- **DATA EXCERPTS**
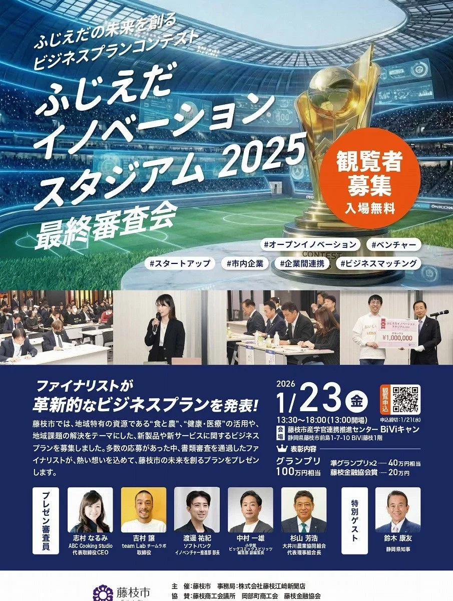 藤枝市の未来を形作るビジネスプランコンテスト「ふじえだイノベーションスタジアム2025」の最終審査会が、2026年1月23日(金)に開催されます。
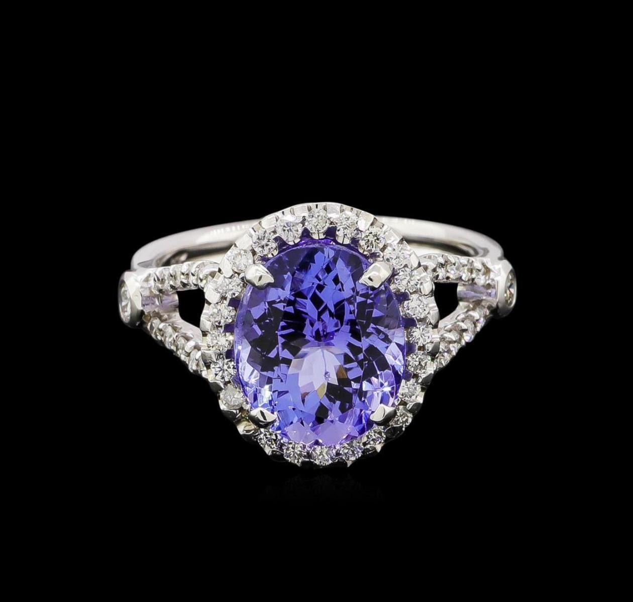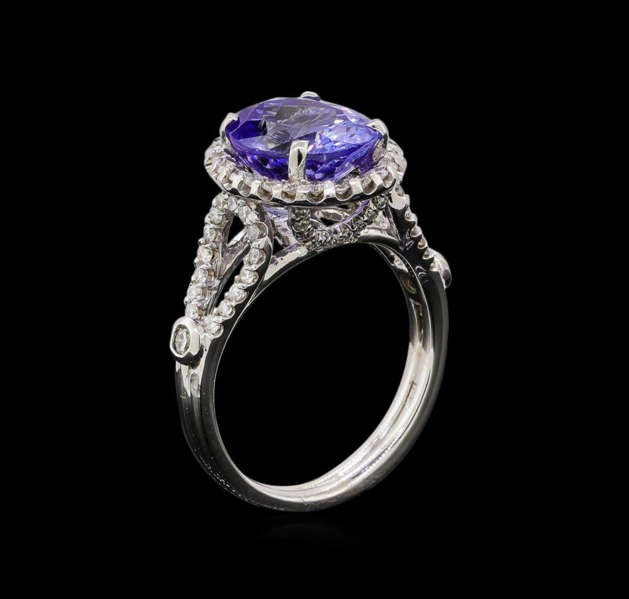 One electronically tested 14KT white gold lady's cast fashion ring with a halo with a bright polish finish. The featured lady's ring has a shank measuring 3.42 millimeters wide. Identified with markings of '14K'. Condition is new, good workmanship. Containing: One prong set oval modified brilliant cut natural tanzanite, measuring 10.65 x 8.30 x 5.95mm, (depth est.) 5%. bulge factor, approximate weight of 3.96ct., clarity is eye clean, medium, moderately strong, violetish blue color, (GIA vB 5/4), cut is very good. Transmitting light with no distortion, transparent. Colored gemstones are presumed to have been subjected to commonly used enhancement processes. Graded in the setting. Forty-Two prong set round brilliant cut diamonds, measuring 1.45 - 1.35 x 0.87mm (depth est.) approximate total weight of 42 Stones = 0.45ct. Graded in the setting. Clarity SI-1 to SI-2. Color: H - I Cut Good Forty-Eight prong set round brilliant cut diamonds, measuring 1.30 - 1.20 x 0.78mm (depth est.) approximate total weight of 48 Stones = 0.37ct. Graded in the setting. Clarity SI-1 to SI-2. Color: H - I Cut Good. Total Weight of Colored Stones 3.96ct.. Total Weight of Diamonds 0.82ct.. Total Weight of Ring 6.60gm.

...

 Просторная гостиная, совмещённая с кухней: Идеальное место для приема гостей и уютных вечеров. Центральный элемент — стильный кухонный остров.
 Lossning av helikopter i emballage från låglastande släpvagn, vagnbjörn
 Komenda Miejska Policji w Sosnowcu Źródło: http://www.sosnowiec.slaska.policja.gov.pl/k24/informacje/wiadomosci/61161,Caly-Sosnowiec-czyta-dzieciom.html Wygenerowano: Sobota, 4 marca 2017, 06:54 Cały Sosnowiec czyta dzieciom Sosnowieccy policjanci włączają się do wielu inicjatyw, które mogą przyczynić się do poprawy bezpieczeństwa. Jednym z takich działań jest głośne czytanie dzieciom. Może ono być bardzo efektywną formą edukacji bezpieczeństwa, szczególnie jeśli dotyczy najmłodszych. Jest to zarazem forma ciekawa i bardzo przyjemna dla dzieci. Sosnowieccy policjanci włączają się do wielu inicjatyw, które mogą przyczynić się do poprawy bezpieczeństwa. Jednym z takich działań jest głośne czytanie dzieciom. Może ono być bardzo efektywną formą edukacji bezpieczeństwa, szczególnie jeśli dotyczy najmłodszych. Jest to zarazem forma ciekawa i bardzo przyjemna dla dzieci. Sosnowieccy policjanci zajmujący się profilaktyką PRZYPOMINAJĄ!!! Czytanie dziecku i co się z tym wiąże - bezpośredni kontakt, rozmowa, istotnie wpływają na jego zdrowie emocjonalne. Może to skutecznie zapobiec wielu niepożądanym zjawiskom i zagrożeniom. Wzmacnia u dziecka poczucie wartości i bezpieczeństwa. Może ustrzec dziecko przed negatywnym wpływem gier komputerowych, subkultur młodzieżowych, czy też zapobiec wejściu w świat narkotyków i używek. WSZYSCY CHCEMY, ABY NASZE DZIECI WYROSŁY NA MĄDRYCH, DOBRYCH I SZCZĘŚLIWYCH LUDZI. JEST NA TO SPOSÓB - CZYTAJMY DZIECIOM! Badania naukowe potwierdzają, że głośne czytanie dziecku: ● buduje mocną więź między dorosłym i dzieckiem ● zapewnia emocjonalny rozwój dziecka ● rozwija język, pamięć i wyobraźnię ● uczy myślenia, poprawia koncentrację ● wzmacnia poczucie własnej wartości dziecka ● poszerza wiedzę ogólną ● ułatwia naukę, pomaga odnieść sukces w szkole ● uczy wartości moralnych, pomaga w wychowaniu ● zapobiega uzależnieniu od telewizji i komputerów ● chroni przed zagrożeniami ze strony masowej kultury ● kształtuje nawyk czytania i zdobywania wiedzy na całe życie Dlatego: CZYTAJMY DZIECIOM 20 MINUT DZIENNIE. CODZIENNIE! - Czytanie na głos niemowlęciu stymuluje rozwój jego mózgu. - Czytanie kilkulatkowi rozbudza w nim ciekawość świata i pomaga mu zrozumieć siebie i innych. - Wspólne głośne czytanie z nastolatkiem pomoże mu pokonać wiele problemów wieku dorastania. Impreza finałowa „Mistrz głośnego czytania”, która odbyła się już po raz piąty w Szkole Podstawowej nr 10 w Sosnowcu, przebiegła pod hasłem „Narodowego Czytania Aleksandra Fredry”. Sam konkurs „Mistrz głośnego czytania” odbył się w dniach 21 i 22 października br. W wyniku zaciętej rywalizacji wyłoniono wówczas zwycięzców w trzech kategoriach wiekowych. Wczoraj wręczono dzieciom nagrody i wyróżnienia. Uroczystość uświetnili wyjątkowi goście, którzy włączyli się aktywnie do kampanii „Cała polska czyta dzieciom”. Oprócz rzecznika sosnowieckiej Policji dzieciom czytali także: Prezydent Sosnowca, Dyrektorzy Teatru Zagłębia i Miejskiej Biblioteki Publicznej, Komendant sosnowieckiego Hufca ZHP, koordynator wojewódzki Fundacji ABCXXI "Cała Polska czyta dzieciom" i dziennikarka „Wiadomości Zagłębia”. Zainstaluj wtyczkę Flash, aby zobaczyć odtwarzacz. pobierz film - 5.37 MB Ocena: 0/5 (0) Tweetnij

- **WHAT IS REQUIRED**
Above are some records. Output exactly the lines from the one that contains "藤枝市の未来を形作るビジネス" to the one that contains "One electronically tested", keeping both, and omit the pictures.

- **WRITTEN SOLUTION**
 藤枝市の未来を形作るビジネスプランコンテスト「ふじえだイノベーションスタジアム2025」の最終審査会が、2026年1月23日(金)に開催されます。
 One electronically tested 14KT white gold lady's cast fashion ring with a halo with a bright polish finish. The featured lady's ring has a shank measuring 3.42 millimeters wide. Identified with markings of '14K'. Condition is new, good workmanship. Containing: One prong set oval modified brilliant cut natural tanzanite, measuring 10.65 x 8.30 x 5.95mm, (depth est.) 5%. bulge factor, approximate weight of 3.96ct., clarity is eye clean, medium, moderately strong, violetish blue color, (GIA vB 5/4), cut is very good. Transmitting light with no distortion, transparent. Colored gemstones are presumed to have been subjected to commonly used enhancement processes. Graded in the setting. Forty-Two prong set round brilliant cut diamonds, measuring 1.45 - 1.35 x 0.87mm (depth est.) approximate total weight of 42 Stones = 0.45ct. Graded in the setting. Clarity SI-1 to SI-2. Color: H - I Cut Good Forty-Eight prong set round brilliant cut diamonds, measuring 1.30 - 1.20 x 0.78mm (depth est.) approximate total weight of 48 Stones = 0.37ct. Graded in the setting. Clarity SI-1 to SI-2. Color: H - I Cut Good. Total Weight of Colored Stones 3.96ct.. Total Weight of Diamonds 0.82ct.. Total Weight of Ring 6.60gm.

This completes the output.